Building Integration: An Exclusive Security Dealer Roundtable

Susan Brady: There are tiers when it comes to commercial security (from the simplest systems to the mid range level and on to enterprise solutions). Describe the level of technological expertise needed by dealer integrators at each level?

Jim Lowder, MDI Vice President of Engineering and CTO: There are basically four tiers of integration in the industry.
The first is Discreet. This is where everything runs separately: access control, video surveillance, alarm management, etc. Most are direct connect analog systems and do not require any networking or database knowledge by the dealer or the user. Training is required to gain knowledge of each component.

The next level is INTERFACED. An interfaced system requires some technical knowledge as it brings in and communicates with each disparate security product to form a system. An interfaced system is NOT an integrated system. The interfaced system requires some basic knowledge of working with technology connections as well as some programming skills, database skills and video knowledge. The integrator will be working with video and network switchers for simple video on alarm capabilities. Command strings will need to be written and TCP/IP knowledge is required.

The third tier is INTEGRATED. An integrated system is able to bring together multiple discreet systems with bi-directional integration. The integrated system is what is being promoted heavily in the industry today. Although many systems manufacturers have the right idea, most integrated systems today require customization at the field level in order for a new product or sub-system to be integrated. Integrators must be adept at networking and have a working knowledge of programming languages.

These types of integrators are generally known as Security Technologists. This is where the basic locksmith type installer gets separated from the true systems integrators. Here, system installation training on software and hardware is critical to success. True integrated systems communicate via the network and bring in remote locations seamlessly for the ability to command and control. Door hardware must be intelligent enough to operate on its own and make entry and exit decisions if communication to the “head end” is unavailable.

Although technical knowledge is key to proper integration, a true integrated system makes it easier for the integrator to add products and sub-systems. The key to seamless integration in a system in this tier is the two manufacturers working together. There are elements on each system that represent each other.

The top tier is UNIFIED. In a unified environment, there is one interface for the user to learn. The level of knowledge needed by the integrator, although still high, is minimized due to the fact that everything that is presented to the unified system is learned by the platform and will never need to be re-coded again to work. Once it is in the platform, it is intelligent enough to auto-recognize the product and bring it in as part of the ecosystem. The system does the work for you. The unified system at that point becomes adaptive.

The integrator now works in a plug and play environment as the data is uni-directional. The entire platform is open architecture and integration becomes data driven. The data is the key factor. An example would be a unified system which brings in a video surveillance piece. If a camera is changed on that video system, the integrator will need to change it within the video system, then again within the integrated platform. With a unified system, the camera is changed and recognized throughout the system and platform, and it is business as usual.

Brady: Are government standards having an effect on the level of security required by commercial clients? If so, what markets will be the most logical to pursue?

Michael Garcia, MDI VP & Chief Marketing Officer: Dealer integrators should consider the vertical markets in which there are deadlines to meet, mandated by the federal government. These markets include:

Banking and Financial – The GLBA act is putting pressure on banks and financial institutions. Depositor data must be protected. Convergence is inevitable. Video and access are a big part of keeping compliant with GLBA.
Healthcare – The most regulated market to date. HIPAA is the act that has changed the way hospitals protect patient data. Anyone associated with them needs to be compliant. Hospitals have to exhibit best practices and due diligence across the entire operation. Knowledge of OSHA is also essential.

Sarbanes Oxley (SOX) – Public corporations must comply. A GAP analysis usually dictates what needs to be done.
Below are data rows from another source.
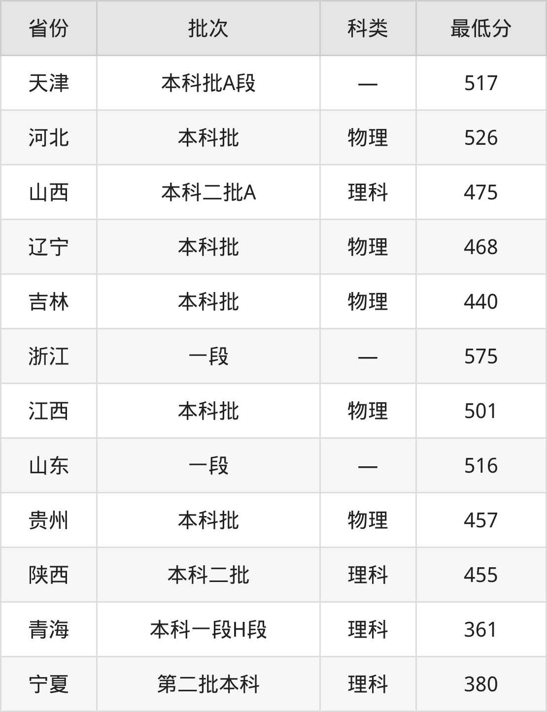 吉林建筑大学城乡规划专业在全国各省最低录取分数线为361分(青海理科),除此之外,在其余地区的最低分为贵州物理类457分、陕西理科455分、天津517分、河北物理类526分等,以上数据均为2024年数据,供2025年高考生参考。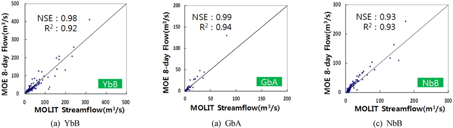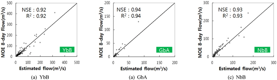 대한 정확성을 파악하기 위해 결정계수(R2)와 유효지수(NSE) 및 분산도를 산정하여 확인하였다.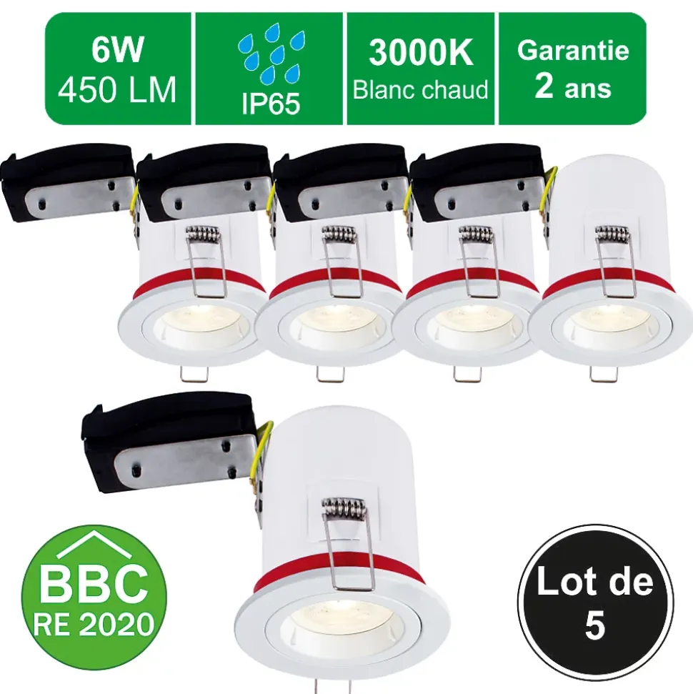 Ces supports de spot encastrables GU10 sont spécialement conçu pour les environnements humides, notamment les salles de bain. Avec son indice de protection IP65, ils peuvent être installés au-dessus d’une douche (hors volume 1), garantissant une résistance optimale à l’humidité.Conforme aux normes Bâtiment Basse Consommation (BBC) et RE2020Étanchéité à l’air et à l’eau : évite les pertes thermiques et protège votre installation électrique de l’humidité.Retardateur de flamme 90 minutes pour une sécurité renforcée en cas d’incendie.Connexion automatique sans tournevis, facilitant une installation rapide et efficace.Branchement sécurisé : support relié à la terre pour une protection optimaleÉclairage économique et confortableCes spots sont fourni avec une ampoule LED GU10 de 6W (équivalent 35W) en blanc chaud 3000K, offrant un éclairage doux et agréable tout en réduisant votre consommation d’énergie. leurs angle de diffusion de 38° assurent une répartition homogène de la lumière.Caractéristiques techniquesNombre de spot : 5 piècesType : Spot encastrable étancheAmpoule incluse : GU10 LED 6W – 450lm – 3000K (blanc chaud)Ancienne norme 2012 : A+Nouvelle norme 2021 : FNorme BBC (RE2020) : Oui (étanchéité à l’air et à l’eau)Indice de protection : IP65 (résistant à l’eau et à la poussière)Puissance équivalente : 35W halogèneAngle de diffusion : 38°Connexion : Automatique, sans tournevisRetardateur de flamme : 90 min (BS476)Tension : 220-240VDimensions : Ø90 x 95 mm, perçage Ø75 mmCouleur du cadre : BlancDurée de vie : 15 000 heuresGarantie : 2 ansUne solution d’éclairage fiable et durableCe spot encastrable est la solution idéale pour un éclairage sécurisé, économique et esthétique dans votre salle de bain et autres pièces humides.

These GAPs usually include security under section 404. Security is a key component of SOX compliance.
Others include: California SB 1386, FISMA, ISO 17799, Basel Accords (international banking), Canadian Privacy (PIPEDA), Patriot Act, and SEC regulations.
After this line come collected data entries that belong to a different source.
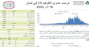 بيروت-سانا سجل لبنان 7 حالات وفاة و536 إصابة جديدة بفيروس كورونا خلال الـ 24 ساعة الماضية.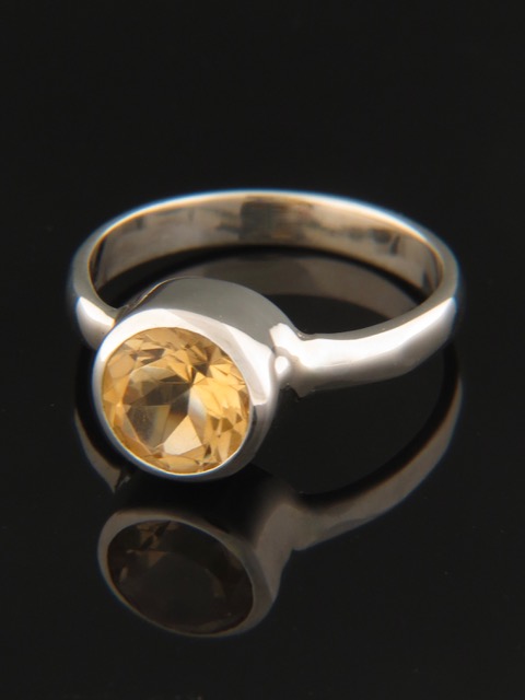 This Sterling Silver ring features a round, faceted Citrine stone.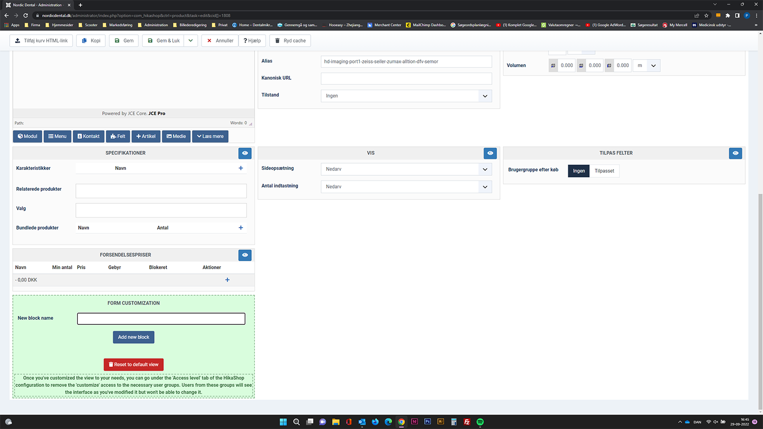 If I reset the red bottom in FORM CUSTOMIZATION it just go back after store the product. I have to reset to default view all the time.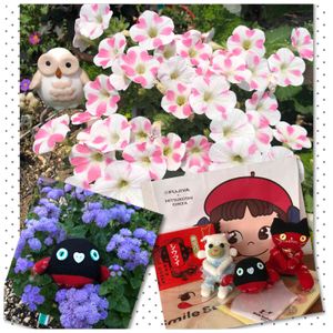 こんにちは 今日は熱風吹いてアチィ🥵 まつぴよサンにお願いごとしたらオマケでこんなにたくさん🎁ペコちゃんグッズにソクモンちゃん、有名な焼売まで頂いちゃいました😍 嬉しいなぁ🥰ありがとうございます♪ さっそくフクロウちゃんで 🏷フクロウ祭参加します☺️ 紫色のお花は📛何だっけ🤔 桃色ハート💕は陶器のフクロウさんと一緒です! ハート模様が薄いのもあるわ😅なんでかな🤔 🏷ソクモン祭りも勝手に付けちゃいました🙏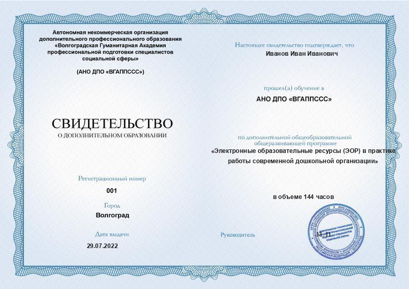 При отсутствии требуемого образования вам будет выдано свидетельство о дополнительном образовании в электронном виде.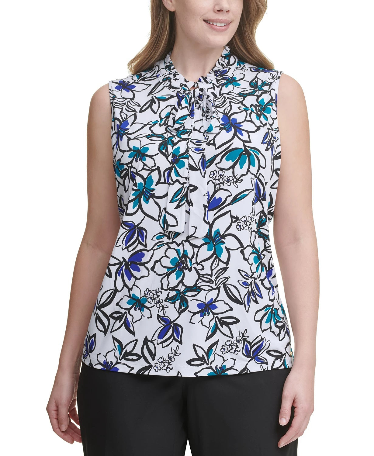 High neckline with ruffled edge|Imported|Tie detail at neckline|Web ID: 11753918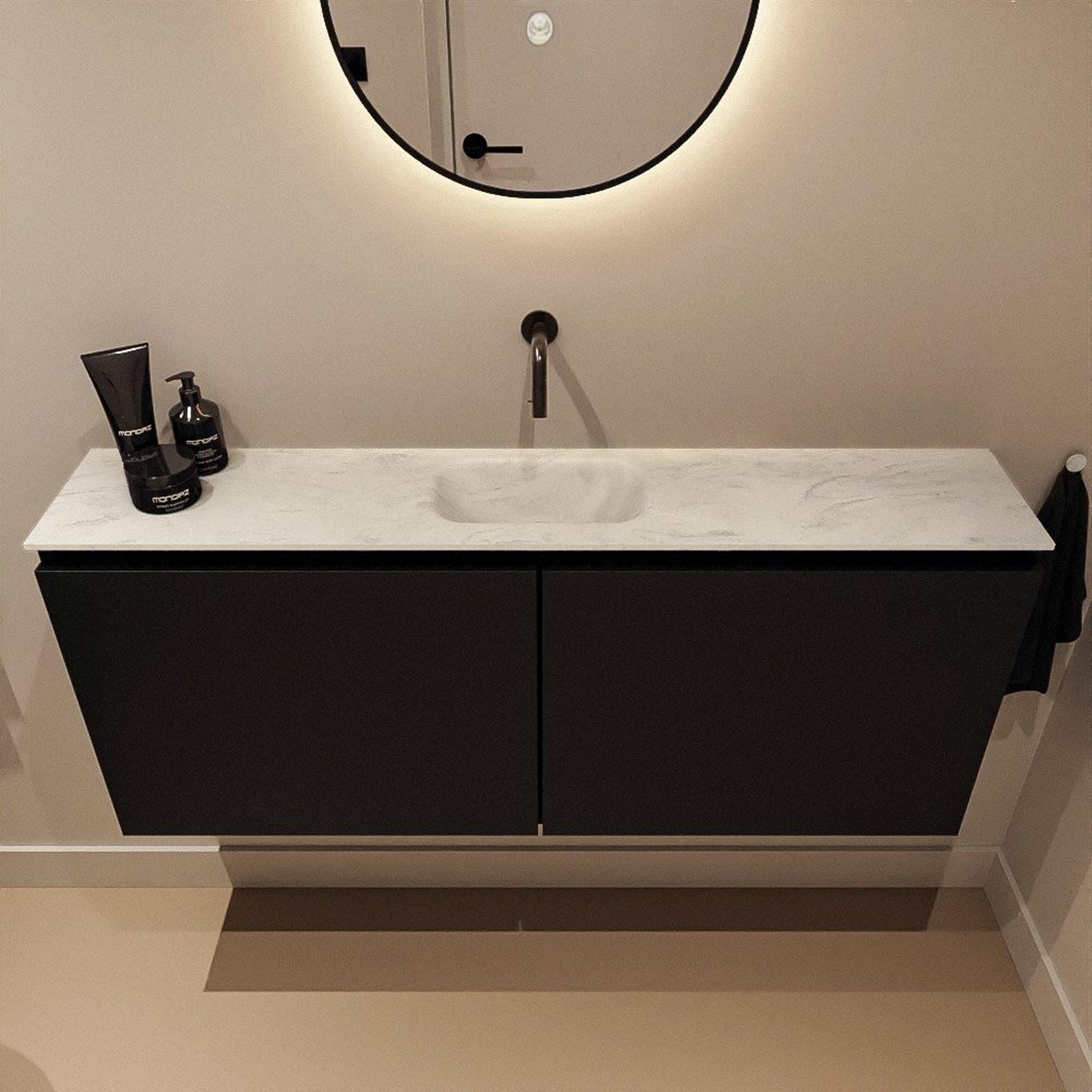 MONDIAZ TURE-DLUX meuble WC 120 cm Urban. EDEN lavabo Opalo position milieu. Sans trou de robinet.
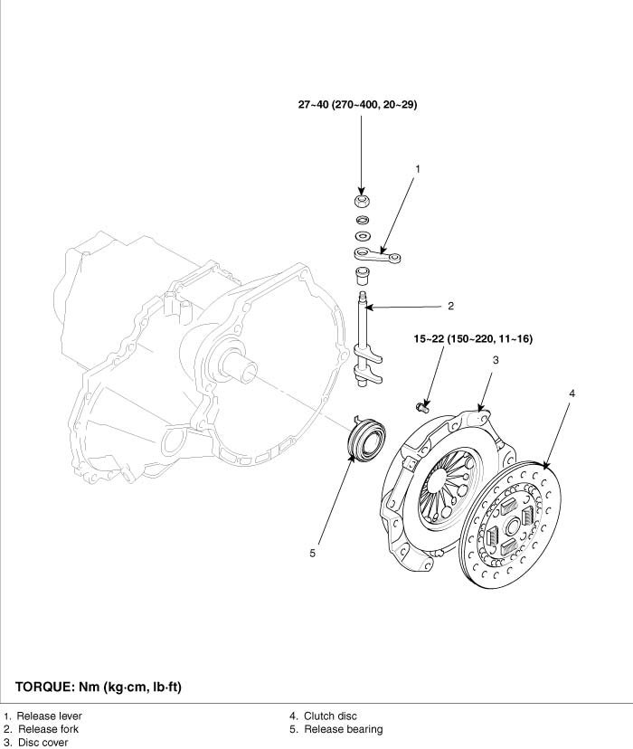 1) It is impossible to remove the transaxle assembly without performing this step because the clutch cover assembly, release bearing and release fork are held together.
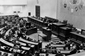 After the Second World War, democratic parties were allowed again by the American military government. On 26 February, an "Advisory State Committee" met in the assembly hall of Munich University as a pre-parliament. At that time, Dr Wilhelm Hoegner had been installed as Minister-President by the military government. Then, on 30 June, a Constitutional State Assembly was elected for the first time in Bavaria’s history. It was made up of members of the CSU, SPD, FDP and KPD parties. With the creation of the Bavarian Senate, the Bavarian tradition of the two-chamber system was taken up again. On 1 December, the people approved the new constitution and elected a new State Parliament at the same time. Since the old State Parliament building on Prannerstraße had been completely destroyed, the newly elected Parliament initially met at Munich University, at the Brunnenhof Theatre of the Munich Residenz and in the Sophiensaal hall of the Regional Tax Office.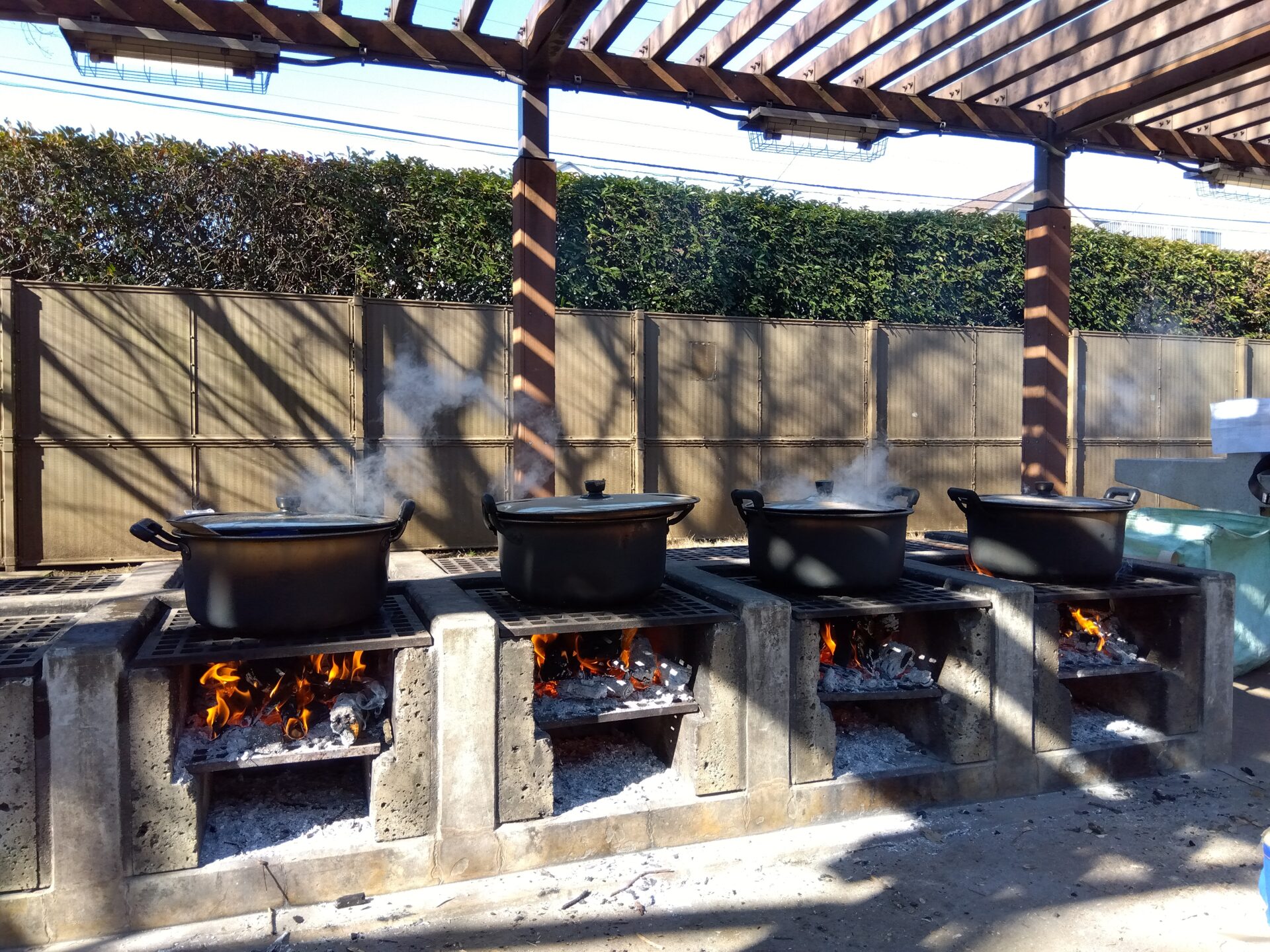 かまどの燃料には、炭のほかに公園の樹木の整備をする際に出る素材も使用。

Advice to integrators is to choose a regulated industry, become an expert in it and understand how the service you offer will assist these industries in becoming compliant. This requires understanding the security requirements within each mandate. When government standards become best practice, security is always at the forefront. Follow Information Security & Privacy Standards, regulations, legislation and pertinent legal cases to stay abreast of happenings within the industry.